If I had been a different sort of person I suppose I might have tried to establish order in this chaos, but order has never been one of my strong points and I wouldn’t have known where to begin here. And so I simply raced through the papers as they presented themselves to me and made copies of anything that seemed particularly interesting or relevant, trusting that I would never know what I had missed out. Before I left New York, I also collected a cardboard box filled with typewritten transcripts of the interviews Linda Kuehl had recorded. Even these were in a strange muddle, with pages missing or repeating themselves, and sometimes a whole interview had disappeared completely.

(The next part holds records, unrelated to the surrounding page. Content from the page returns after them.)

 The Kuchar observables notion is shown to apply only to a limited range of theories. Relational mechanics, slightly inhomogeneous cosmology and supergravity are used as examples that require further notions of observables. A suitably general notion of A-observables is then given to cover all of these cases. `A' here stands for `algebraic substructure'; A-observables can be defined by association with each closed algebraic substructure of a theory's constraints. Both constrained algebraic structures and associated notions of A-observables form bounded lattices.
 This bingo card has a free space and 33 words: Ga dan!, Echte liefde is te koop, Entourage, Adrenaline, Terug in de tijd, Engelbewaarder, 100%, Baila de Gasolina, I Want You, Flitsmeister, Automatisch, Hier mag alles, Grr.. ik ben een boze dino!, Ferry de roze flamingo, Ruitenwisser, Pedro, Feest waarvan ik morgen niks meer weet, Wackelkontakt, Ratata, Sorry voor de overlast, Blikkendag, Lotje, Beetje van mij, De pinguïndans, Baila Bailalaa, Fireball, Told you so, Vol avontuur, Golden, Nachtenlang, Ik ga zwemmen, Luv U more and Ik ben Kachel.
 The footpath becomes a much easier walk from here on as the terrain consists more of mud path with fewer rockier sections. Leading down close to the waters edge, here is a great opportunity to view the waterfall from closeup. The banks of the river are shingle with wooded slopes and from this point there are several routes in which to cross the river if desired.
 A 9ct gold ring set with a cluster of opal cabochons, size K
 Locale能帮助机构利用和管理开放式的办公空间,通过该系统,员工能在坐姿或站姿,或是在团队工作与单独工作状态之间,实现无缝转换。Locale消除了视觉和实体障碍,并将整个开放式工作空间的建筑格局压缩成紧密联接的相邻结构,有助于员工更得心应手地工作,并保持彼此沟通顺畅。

For about a year I did my best to construct the bones of a biography out of this material. Just like Linda Kuehl before me, I made lists of what seemed to be the main events in Billie’s life and I started chapters with titles like ‘A Baltimore Childhood’ and ‘Harlem in the 1930s’. I then arranged the interviews into little groups and tried to force all those voices into the cages I had constructed for them. But in doing so I lost the wildness and the vitality that made them so interesting, and all I achieved in return was a rather bland uniformity in which one voice merged seamlessly with the next. That was when I decided this book must be a documentary in which people are free to tell their own stories about Billie and it doesn’t matter if the stories don’t fit together, or even if sometimes they seem to be talking about a completely different woman.

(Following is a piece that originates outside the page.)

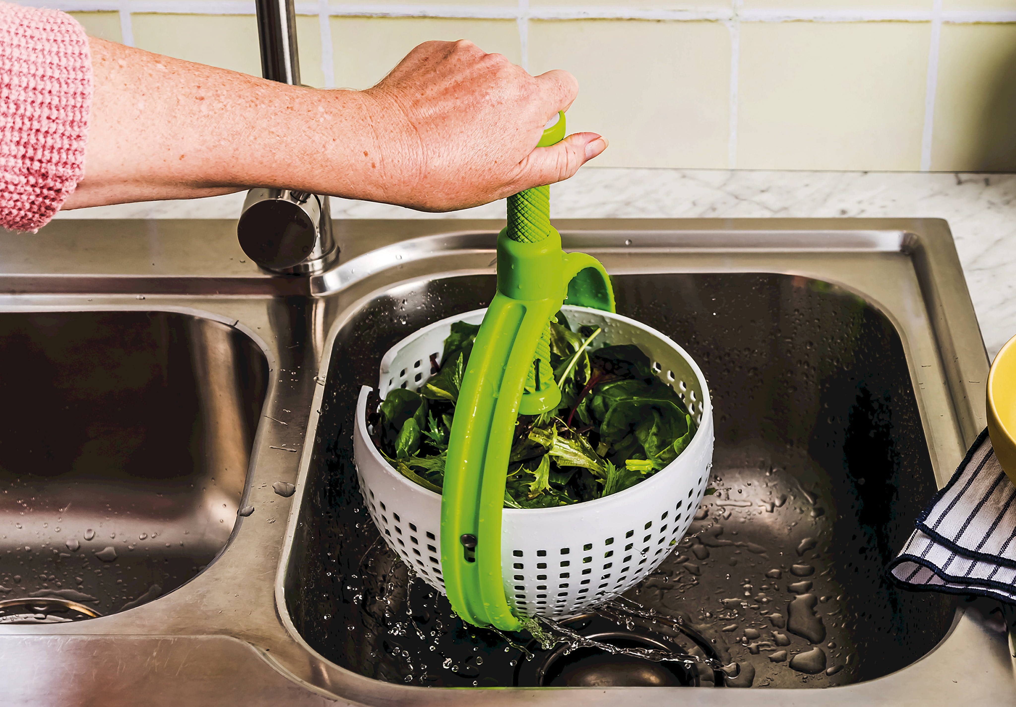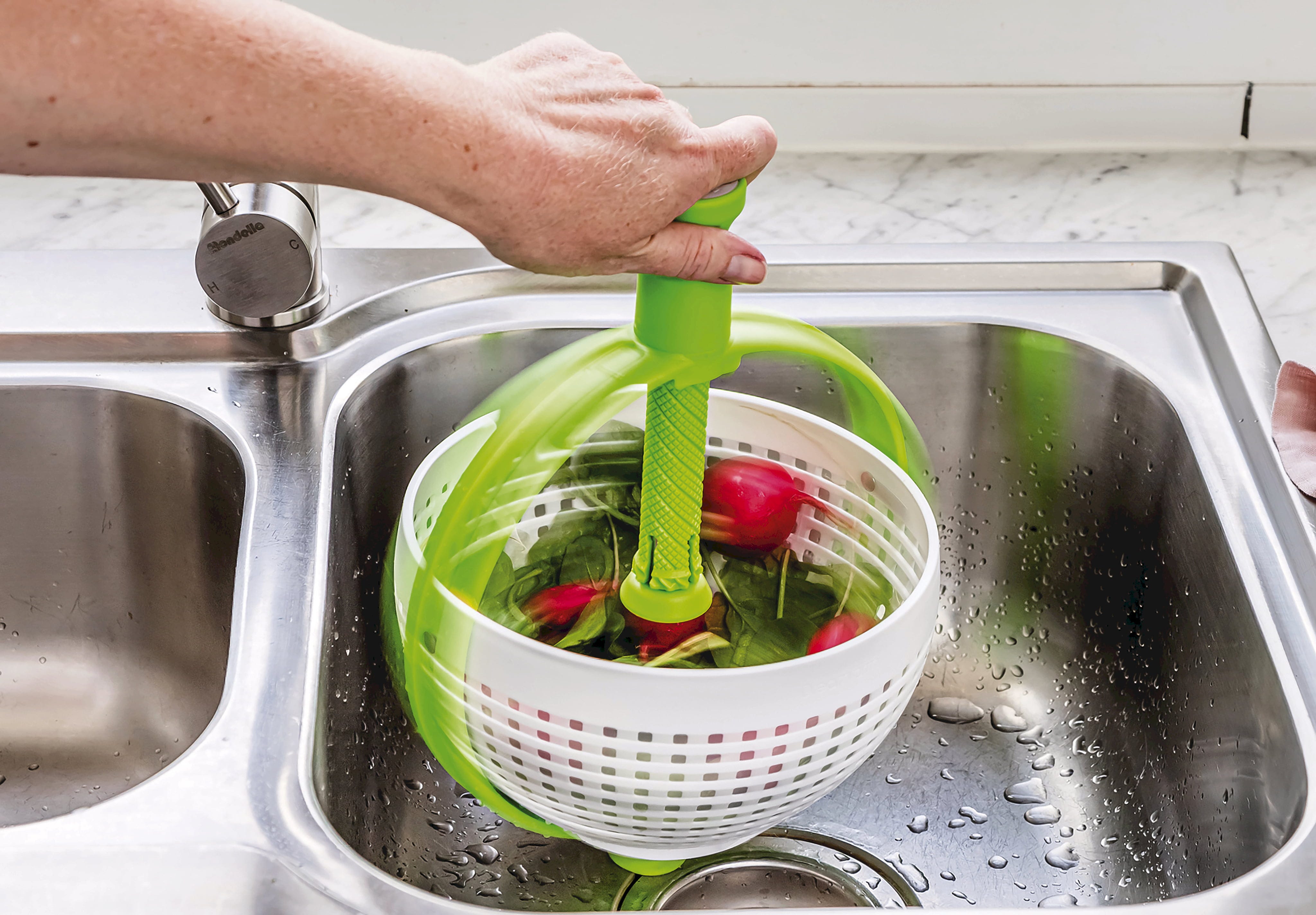 Wirówka do sałaty Spina od Dreamfarm to pomysłowe urządzenie 2 w 1, które doskonale łączy w sobie funkcję durszlaka i suszarki. Dzięki antypoślizgowej podstawie można wirować sałatkę, warzywa lub owoce bezpośrednio w zlewie z najwyższą prędkością, a wystające boki gwarantują, że zawartość pozostanie w misce.

So this is Billie Holiday’s life, seen through the eyes of some of the people who knew her. I begin with the friends she ran around with when she was a young girl in Baltimore: Freddie Green, Mary ‘Pony’ Kane, Skinny ‘Rim’ Davenport, Wee Wee Hill, ‘Sleepy’ Dean and a woman called Christine Scott, who was an inmate at the reform school where Billie was sent when she was accused of being a ‘minor without proper care and guardianship’. I end in the late 1950s, with the lawyer Earle Zaidins, who lived in the same cheap hotel where Billie was staying for a while and who got to know her when they were both out in the street late at night, walking their dogs. And Alice Vrbsky; she of the shopping lists. In between there are all the others.
I lift out a sheaf of papers stapled together at the top left-hand corner and there is an orange stain where the little strip of rusting metal bites into the pages. The interview date, the number of the tape cassette and the name of the person who is speaking are written at the top of the page and there are occasional corrections and notes added in Linda Kuehl’s rather bulbous handwriting.

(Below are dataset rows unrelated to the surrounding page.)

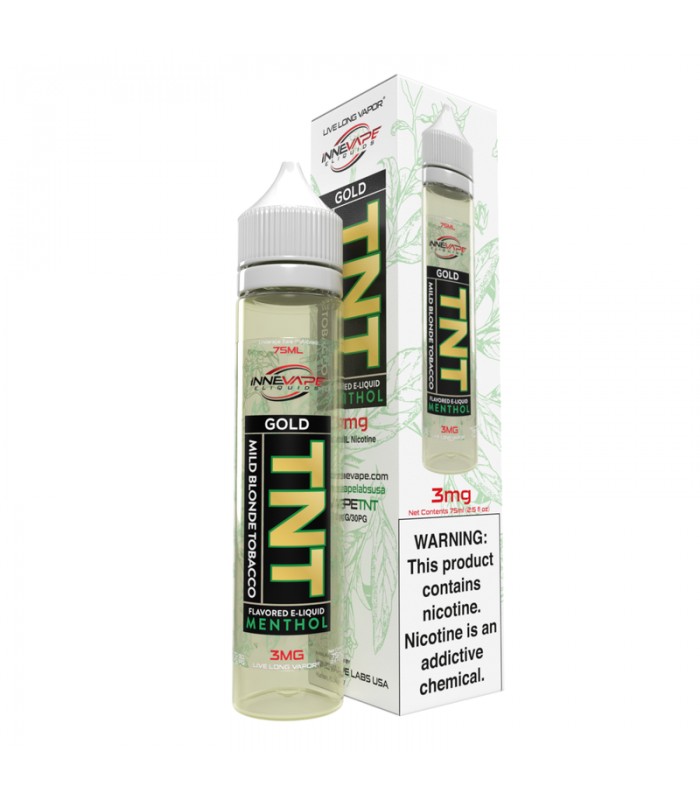 TNT Gold Menthol: This delicious tobacco & menthol e-juice is a smoother version of the signature TNT flavor. It features a mellow, blonde tobacco blended with subtle notes of real maple, fresh honey, and icy menthol to deliver a satisfying vaping experience. TNT Gold Menthol by Innevape.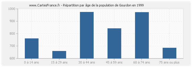 Répartition de la population de Gourdon par âge en 1999 :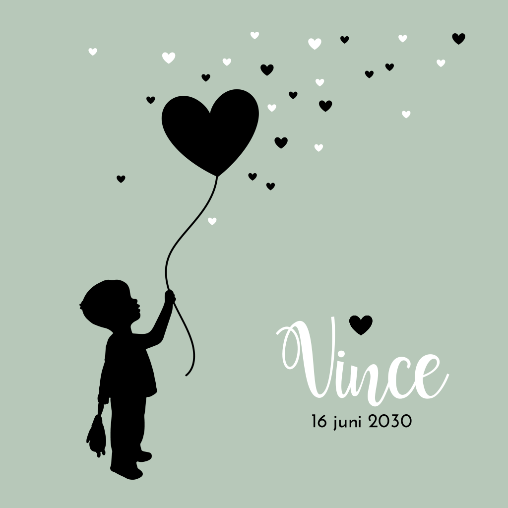 Lieve silhouet geboortekaartje jongen met groen hartjes ballon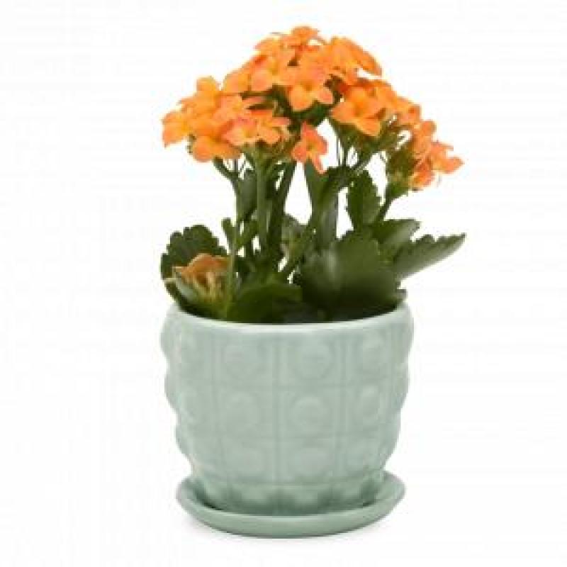 Convex Ceramic Planter With Drainage Hole and Saucer Mint 3"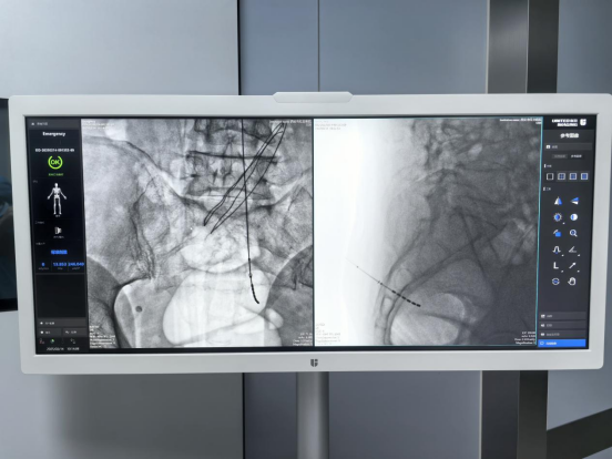 在完善相关术前检查后,孙主任为患者实施国产创新六触点骶神经调控一期电极植入术,电极植入位置精准,术中测试六个触点刺激均有效,手术顺利完成。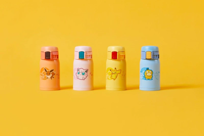 限量禮盒中內含一組四入的象印One Touch迷你保溫杯,瓶身設計分別為胖丁、伊布、皮卡丘、以及可達鴨,以療癒又可愛的姿態環繞瓶身,依照寶可夢各自的兩種代表色作為瓶身與杯蓋按鈕撞色搭配!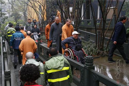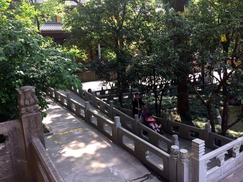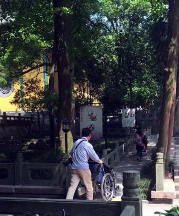 灵隐寺作为全重点寺院和世界文化遗产,每年都要接待几百万来自世界各地游客信众来寺观光旅游、朝圣礼佛。他们之中,有白发苍苍的老人,也有行动不便的残疾人。由于寺院里多有高低不等的台阶,他们只能走下轮椅,或者由亲友抬着轮椅走过一道又一道的台阶,也有人因此而止步于山门,望佛兴叹。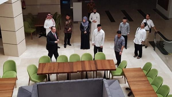 Menteri Agama Lukman Hakim Saifuddin mengecek hotel yang akan ditempati jamaah haji Indonesia di Kota Madinah, Arab Saudi, Kamis (30/5/2019). (Foto: Istimewa).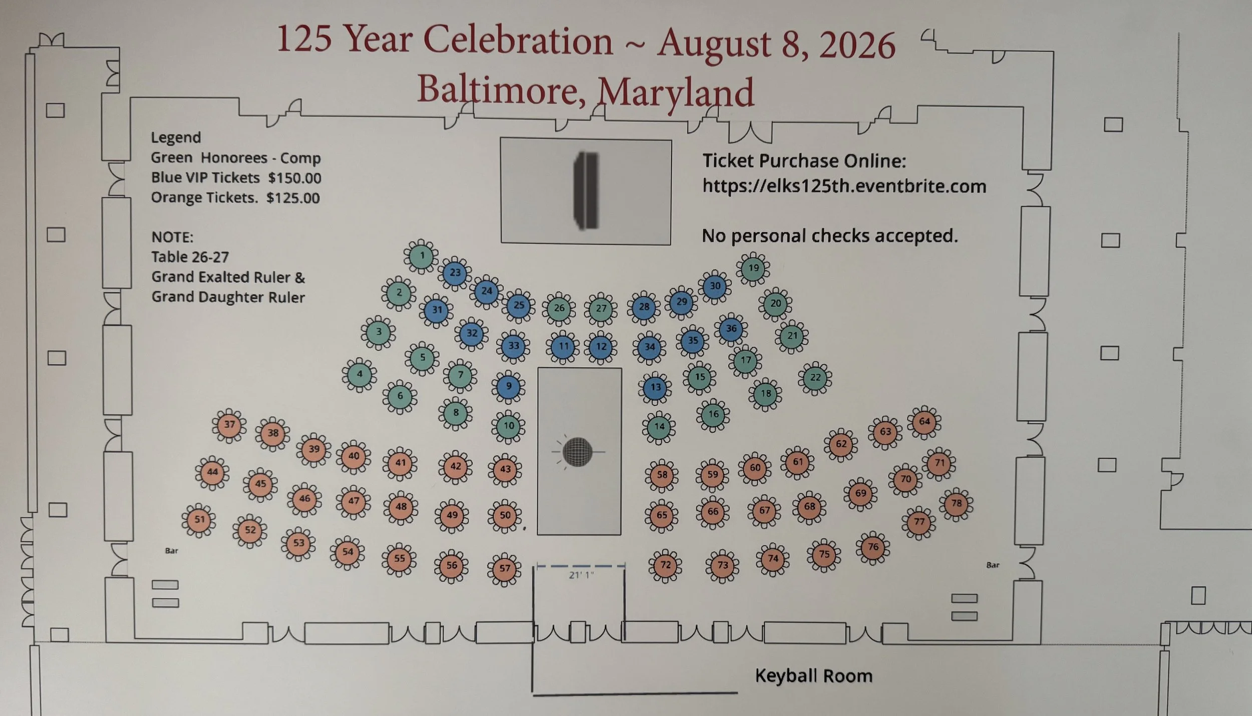 Send the seat/table donation/payment to elkszelle@ibpoew.org (Enrolled as Business Name: GRAND LODGE OF IMPROVED BENEVOLENT)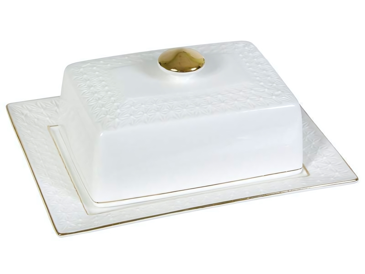 Фарфоровая масленка «Снежная Королева» сочетает в себе утонченный дизайн и практичность. Бархатистая текстура белого фарфора с золотистыми акцентами добавит нотку роскоши в любую трапезу, а герметичная крышка сохранит свежесть продуктов.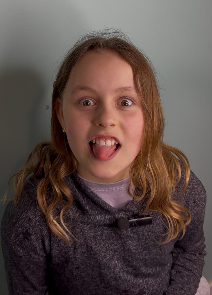 Raya describes her day as “boring, obnoxious, and… sometimes fun,” she expresses the mix of routine and excitement in elementary school and reflects on the multiple dynamics of her everyday life. Raya describes herself as a kind, tidy, driven student who mediates the drama in her friend group. She is confident and mature for her age.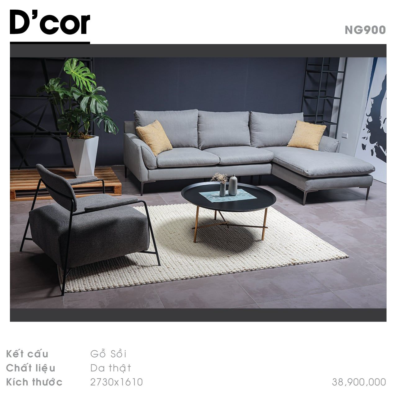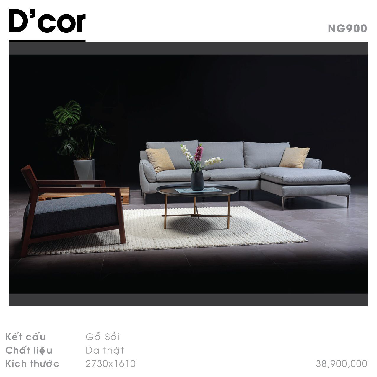 NG900 KUKA - Sofa nỉ góc gỗ sồi, nhập khẩu

Sometimes an interview includes a brief account of the circumstances of a meeting, ‘in a brown Cadillac Eldorado’; or of what the speaker was wearing, ‘a shiny red suit and a white cowboy hat’; or of how they looked, ‘shaking and sweating profusely from the effects of a cocaine high’. But such descriptions are unusual; mostly the voices are not given faces to recognise or clothes to wear, and so unless the person happens to be a well-known figure in the jazz world, their words float in a haphazard space without any anchors of recognition to hold them steady.